More specifically, the hydraulic line interconnects the cylinders of the hydraulic pistons of at least two reciprocating positive displacement slurry pumps on the opposite side (actually the rod side) of the piston side.

This ensures proper timing of the individual pump cycles of the individual positive displacement pumps, resulting in a flow with little pulsation at the outlet.

In a further example, there are hydraulic release / replenishment means for releasing / adding the hydraulic medium from the hydraulic line. This allows the end position of the piston in each cylinder to be corrected due to a leak in the hydraulic medium, thus maintaining the proper timing of the individual pump cycles of the individual positive displacement pumps.

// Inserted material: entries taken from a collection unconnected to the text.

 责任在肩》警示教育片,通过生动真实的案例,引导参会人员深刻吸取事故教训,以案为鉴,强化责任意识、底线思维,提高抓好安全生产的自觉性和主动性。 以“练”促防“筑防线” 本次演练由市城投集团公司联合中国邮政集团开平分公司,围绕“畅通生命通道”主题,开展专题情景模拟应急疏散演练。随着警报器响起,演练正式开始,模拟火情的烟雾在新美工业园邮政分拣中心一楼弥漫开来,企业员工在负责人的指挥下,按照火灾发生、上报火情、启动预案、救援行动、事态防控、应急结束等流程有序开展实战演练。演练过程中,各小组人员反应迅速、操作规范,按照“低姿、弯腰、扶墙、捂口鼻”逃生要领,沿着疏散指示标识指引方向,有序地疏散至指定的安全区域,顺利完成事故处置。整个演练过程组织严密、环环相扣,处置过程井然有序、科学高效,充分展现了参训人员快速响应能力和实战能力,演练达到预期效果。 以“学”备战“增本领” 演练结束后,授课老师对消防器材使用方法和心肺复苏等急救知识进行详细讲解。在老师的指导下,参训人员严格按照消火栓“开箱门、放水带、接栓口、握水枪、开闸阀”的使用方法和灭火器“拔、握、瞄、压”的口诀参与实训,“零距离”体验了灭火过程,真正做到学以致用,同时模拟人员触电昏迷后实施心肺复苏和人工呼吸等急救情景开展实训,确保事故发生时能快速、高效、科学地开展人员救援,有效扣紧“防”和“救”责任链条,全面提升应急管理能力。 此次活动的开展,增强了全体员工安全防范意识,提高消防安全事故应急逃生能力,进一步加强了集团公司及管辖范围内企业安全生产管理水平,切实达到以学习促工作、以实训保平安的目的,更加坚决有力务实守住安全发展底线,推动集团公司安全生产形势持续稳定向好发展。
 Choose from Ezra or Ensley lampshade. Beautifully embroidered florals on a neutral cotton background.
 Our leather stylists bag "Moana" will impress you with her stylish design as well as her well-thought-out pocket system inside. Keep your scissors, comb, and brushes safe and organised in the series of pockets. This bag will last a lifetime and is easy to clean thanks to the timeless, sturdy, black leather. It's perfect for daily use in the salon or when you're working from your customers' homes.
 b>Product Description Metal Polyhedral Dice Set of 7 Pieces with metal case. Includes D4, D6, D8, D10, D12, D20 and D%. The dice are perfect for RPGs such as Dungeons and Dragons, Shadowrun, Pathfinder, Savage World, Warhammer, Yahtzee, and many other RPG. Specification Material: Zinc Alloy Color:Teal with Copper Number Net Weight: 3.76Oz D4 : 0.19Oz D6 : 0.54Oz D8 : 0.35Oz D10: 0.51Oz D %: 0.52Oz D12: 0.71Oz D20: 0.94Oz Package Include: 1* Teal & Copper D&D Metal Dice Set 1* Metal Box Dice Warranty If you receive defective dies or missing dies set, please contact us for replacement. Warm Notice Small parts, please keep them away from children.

The accompanying drawings facilitate the understanding of the various embodiments.

It is a figure of the embodiment of the pumping system according to this disclosure. It is a characteristic pump of the embodiment of the pumping system according to the present disclosure. The details of the embodiment of FIG. 1 are shown.

FIG. 1 discloses a non-limiting embodiment of a pumping system for handling a slurry medium. The hydraulic pumping system, designated by reference numeral 100, comprises a pump unit 101, a slurry suction / discharge unit 103, a pump drive unit 104 and a slurry damping pump unit 105. The configuration of the pump unit 101 includes at least two (first and second) reciprocating positive displacement pumps 101a and 101b incorporated into a pump housing (not shown) and connected to the slurry suction / discharge unit 103.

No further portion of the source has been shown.